Below this line are records; transcribe exactly the lines between the one holding "The Cost of" and the one holding "1年生の江川は6勝1敗、防御率1.14 史上最年少(当時)のベストナインに ]", inclusive, and omit the pictures.

● **INPUT RECORDS**
/---
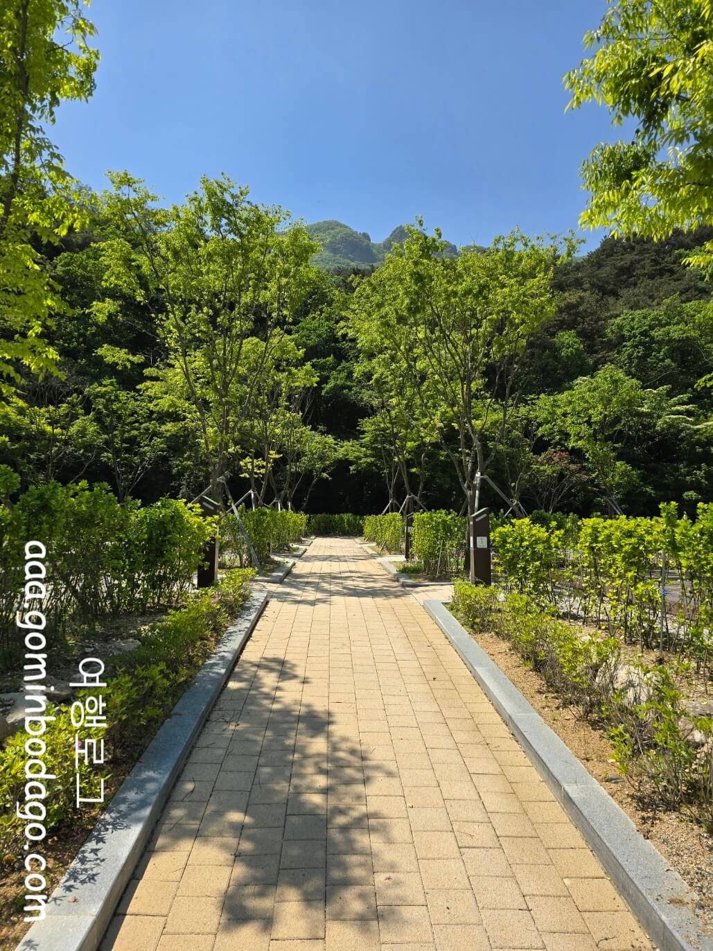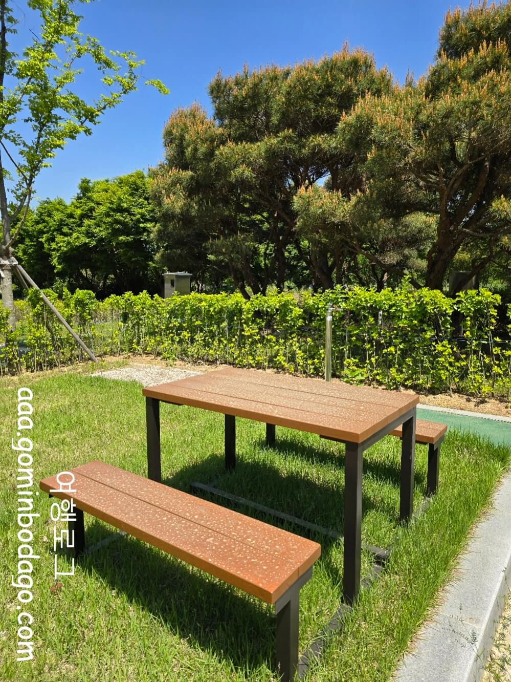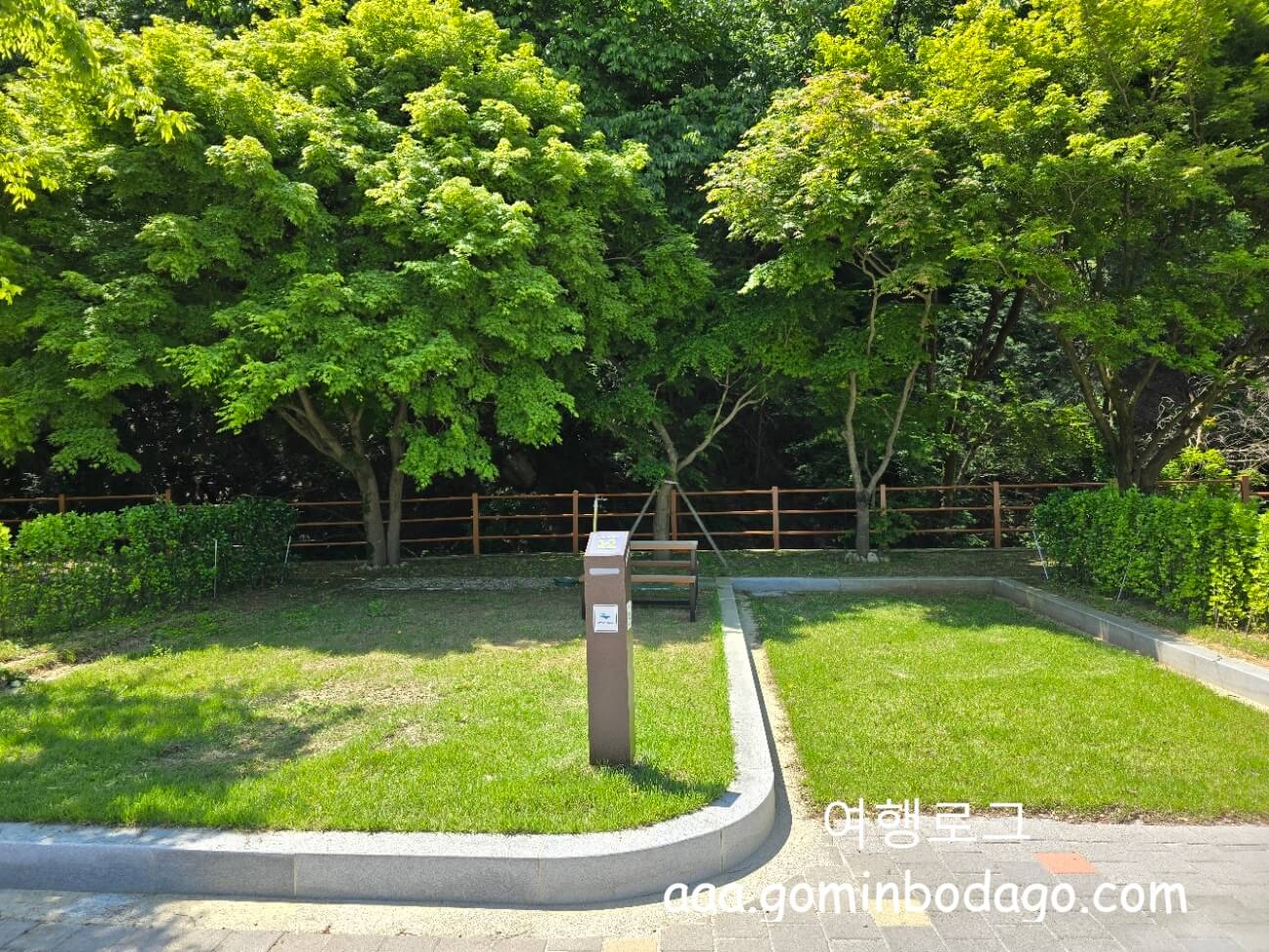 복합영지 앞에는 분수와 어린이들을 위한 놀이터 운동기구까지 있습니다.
\---
/---
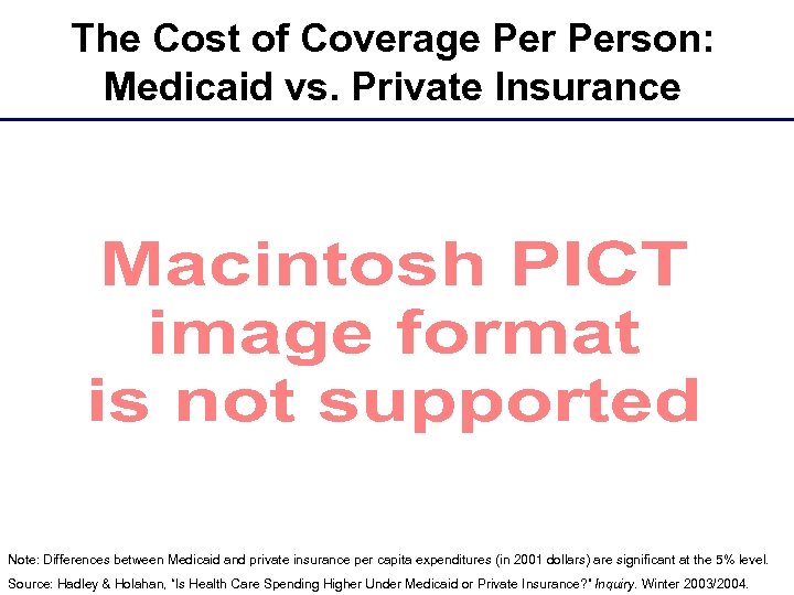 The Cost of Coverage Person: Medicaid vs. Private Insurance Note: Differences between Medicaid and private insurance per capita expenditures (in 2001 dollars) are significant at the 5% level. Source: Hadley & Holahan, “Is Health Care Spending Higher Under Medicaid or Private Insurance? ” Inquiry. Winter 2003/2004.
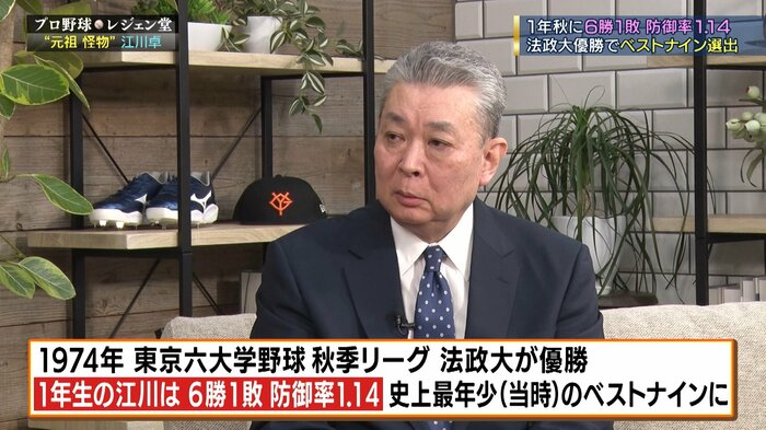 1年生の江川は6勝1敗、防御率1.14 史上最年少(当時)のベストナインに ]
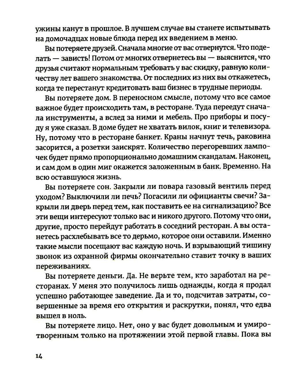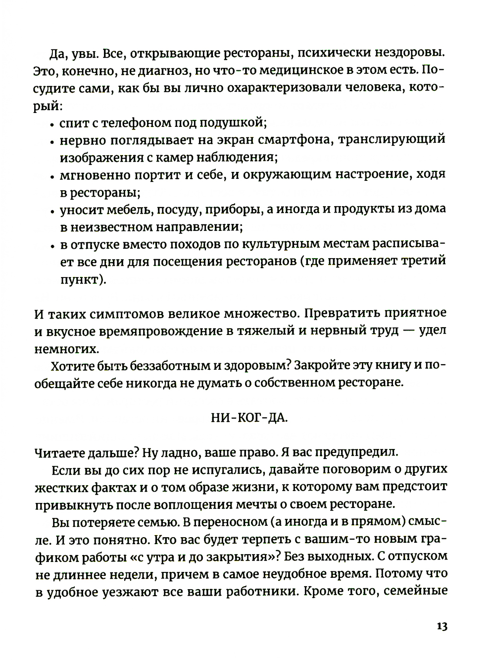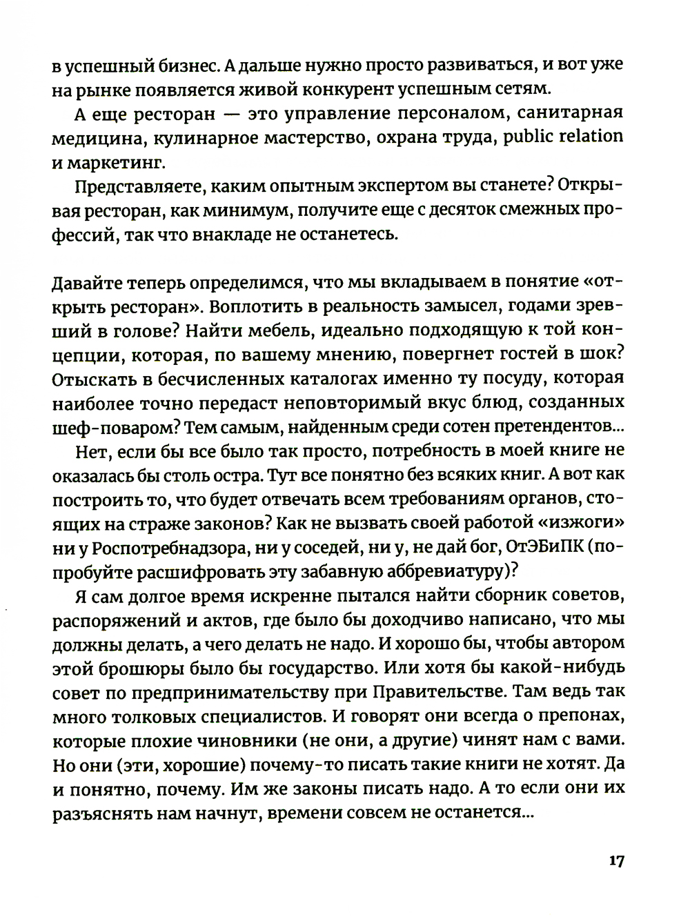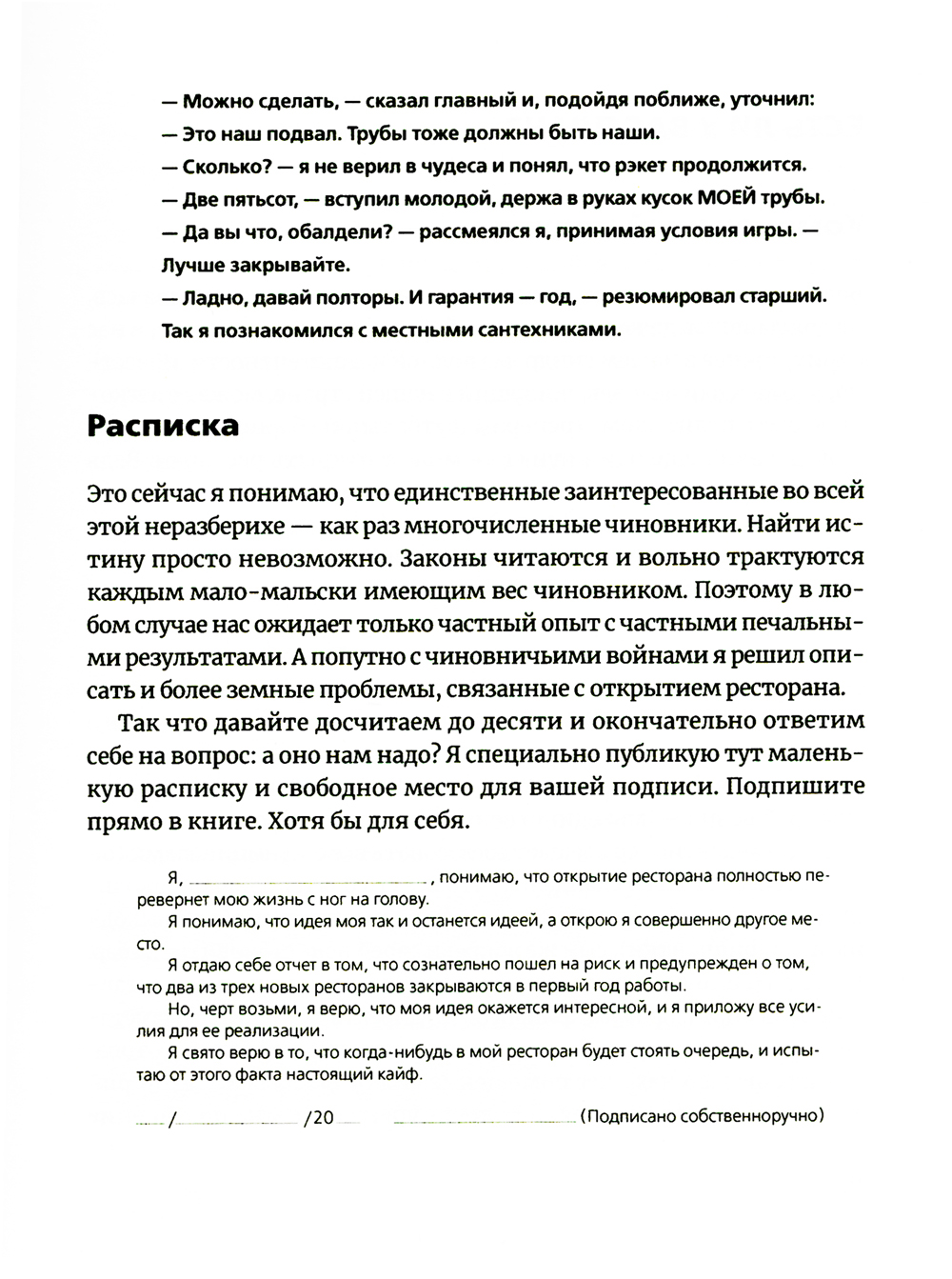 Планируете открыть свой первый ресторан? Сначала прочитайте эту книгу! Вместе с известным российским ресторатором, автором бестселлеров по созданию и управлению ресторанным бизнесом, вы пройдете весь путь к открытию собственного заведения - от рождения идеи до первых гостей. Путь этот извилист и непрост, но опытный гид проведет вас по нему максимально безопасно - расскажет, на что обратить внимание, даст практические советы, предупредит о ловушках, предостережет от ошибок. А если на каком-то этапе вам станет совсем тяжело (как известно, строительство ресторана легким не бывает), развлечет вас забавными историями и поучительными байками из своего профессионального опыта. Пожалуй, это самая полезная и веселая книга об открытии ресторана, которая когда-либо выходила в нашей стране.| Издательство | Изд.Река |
\---
● **OUTPUT FOR THIS EXERCISE**
 The Cost of Coverage Person: Medicaid vs. Private Insurance Note: Differences between Medicaid and private insurance per capita expenditures (in 2001 dollars) are significant at the 5% level. Source: Hadley & Holahan, “Is Health Care Spending Higher Under Medicaid or Private Insurance? ” Inquiry. Winter 2003/2004.
 1年生の江川は6勝1敗、防御率1.14 史上最年少(当時)のベストナインに ]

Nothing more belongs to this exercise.